→ EXERCISE PROMPT:
Every line from the first record below down to the line that includes "SVEN GORAN ERIKSSON" must be reproduced exactly; the pictures are not.
[DATA SUPPLIED — start]
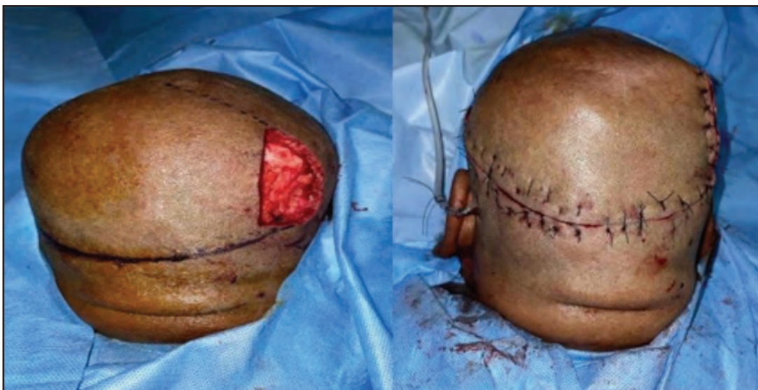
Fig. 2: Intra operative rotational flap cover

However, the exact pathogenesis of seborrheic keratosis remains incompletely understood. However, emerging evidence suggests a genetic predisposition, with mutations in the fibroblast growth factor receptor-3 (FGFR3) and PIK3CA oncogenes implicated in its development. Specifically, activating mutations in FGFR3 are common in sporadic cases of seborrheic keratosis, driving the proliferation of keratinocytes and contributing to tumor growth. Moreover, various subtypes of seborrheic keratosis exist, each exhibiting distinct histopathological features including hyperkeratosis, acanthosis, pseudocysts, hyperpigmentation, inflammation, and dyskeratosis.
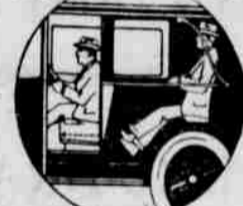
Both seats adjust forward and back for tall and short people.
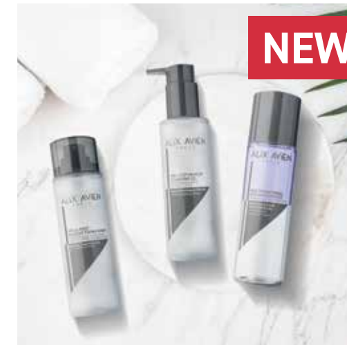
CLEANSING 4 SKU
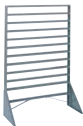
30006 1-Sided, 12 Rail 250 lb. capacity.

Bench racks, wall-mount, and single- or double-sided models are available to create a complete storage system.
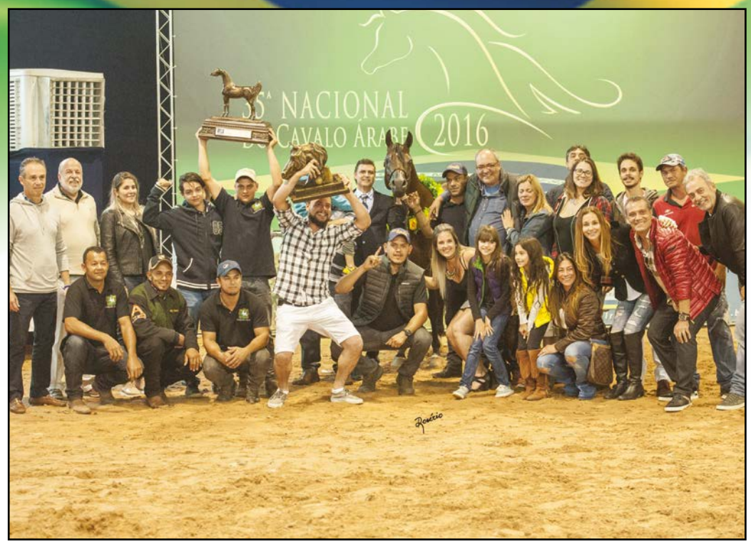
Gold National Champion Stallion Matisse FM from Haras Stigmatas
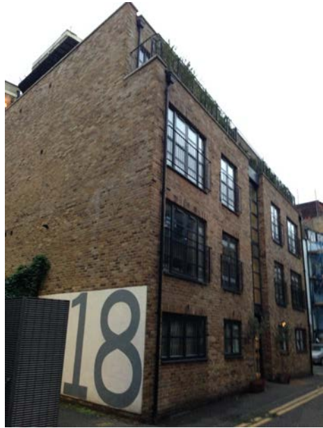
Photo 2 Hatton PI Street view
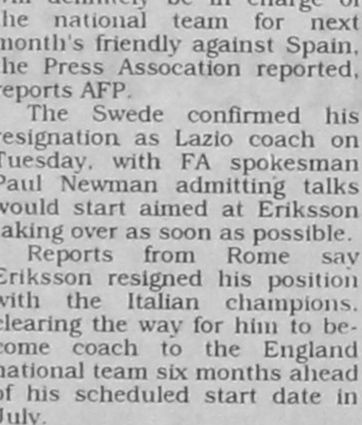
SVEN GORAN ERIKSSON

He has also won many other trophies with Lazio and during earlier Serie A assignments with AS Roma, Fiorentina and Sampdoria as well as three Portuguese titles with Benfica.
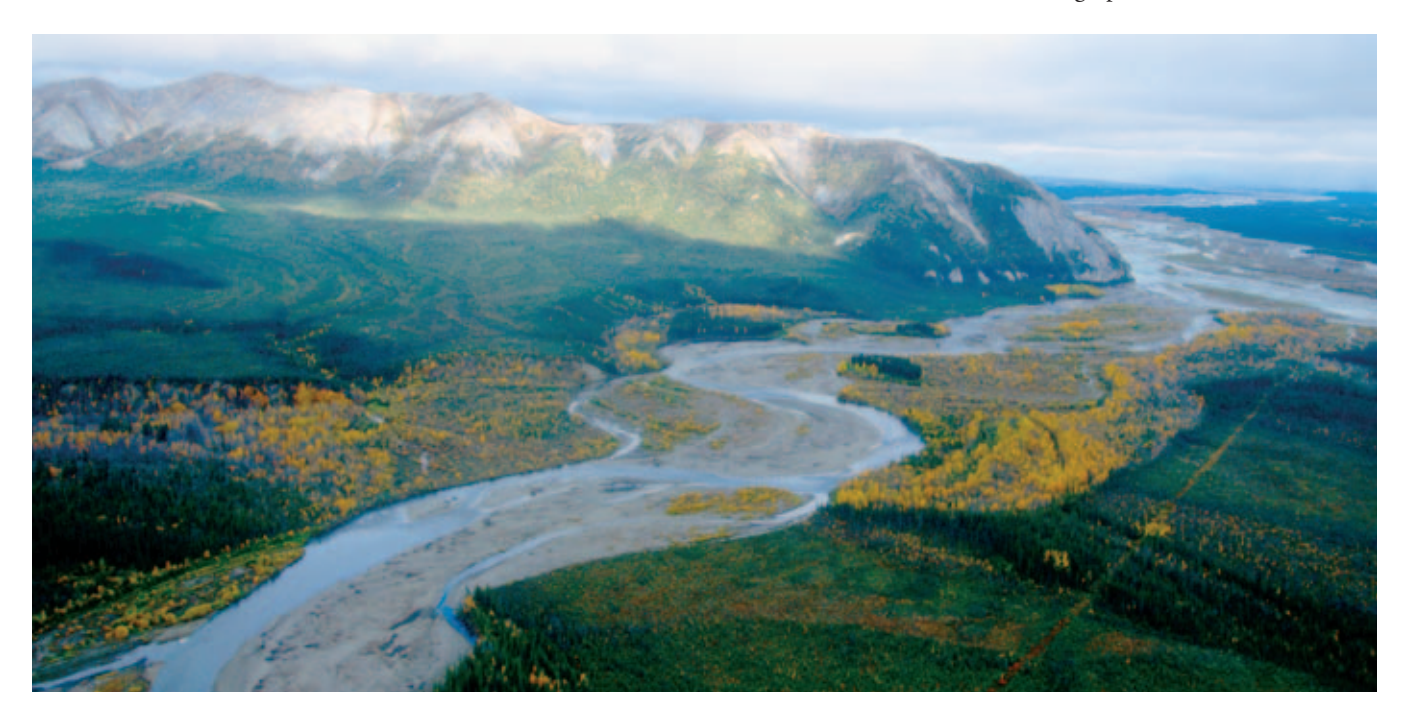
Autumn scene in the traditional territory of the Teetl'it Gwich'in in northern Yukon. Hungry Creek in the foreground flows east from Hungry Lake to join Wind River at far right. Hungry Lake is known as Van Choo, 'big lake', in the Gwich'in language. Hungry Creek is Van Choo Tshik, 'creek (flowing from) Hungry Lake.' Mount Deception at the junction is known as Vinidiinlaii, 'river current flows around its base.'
[DATA SUPPLIED — finish]
→ WRITTEN ANSWER:
Fig. 2: Intra operative rotational flap cover

However, the exact pathogenesis of seborrheic keratosis remains incompletely understood. However, emerging evidence suggests a genetic predisposition, with mutations in the fibroblast growth factor receptor-3 (FGFR3) and PIK3CA oncogenes implicated in its development. Specifically, activating mutations in FGFR3 are common in sporadic cases of seborrheic keratosis, driving the proliferation of keratinocytes and contributing to tumor growth. Moreover, various subtypes of seborrheic keratosis exist, each exhibiting distinct histopathological features including hyperkeratosis, acanthosis, pseudocysts, hyperpigmentation, inflammation, and dyskeratosis.
Both seats adjust forward and back for tall and short people.
CLEANSING 4 SKU
30006 1-Sided, 12 Rail 250 lb. capacity.

Bench racks, wall-mount, and single- or double-sided models are available to create a complete storage system.
Gold National Champion Stallion Matisse FM from Haras Stigmatas
Photo 2 Hatton PI Street view
SVEN GORAN ERIKSSON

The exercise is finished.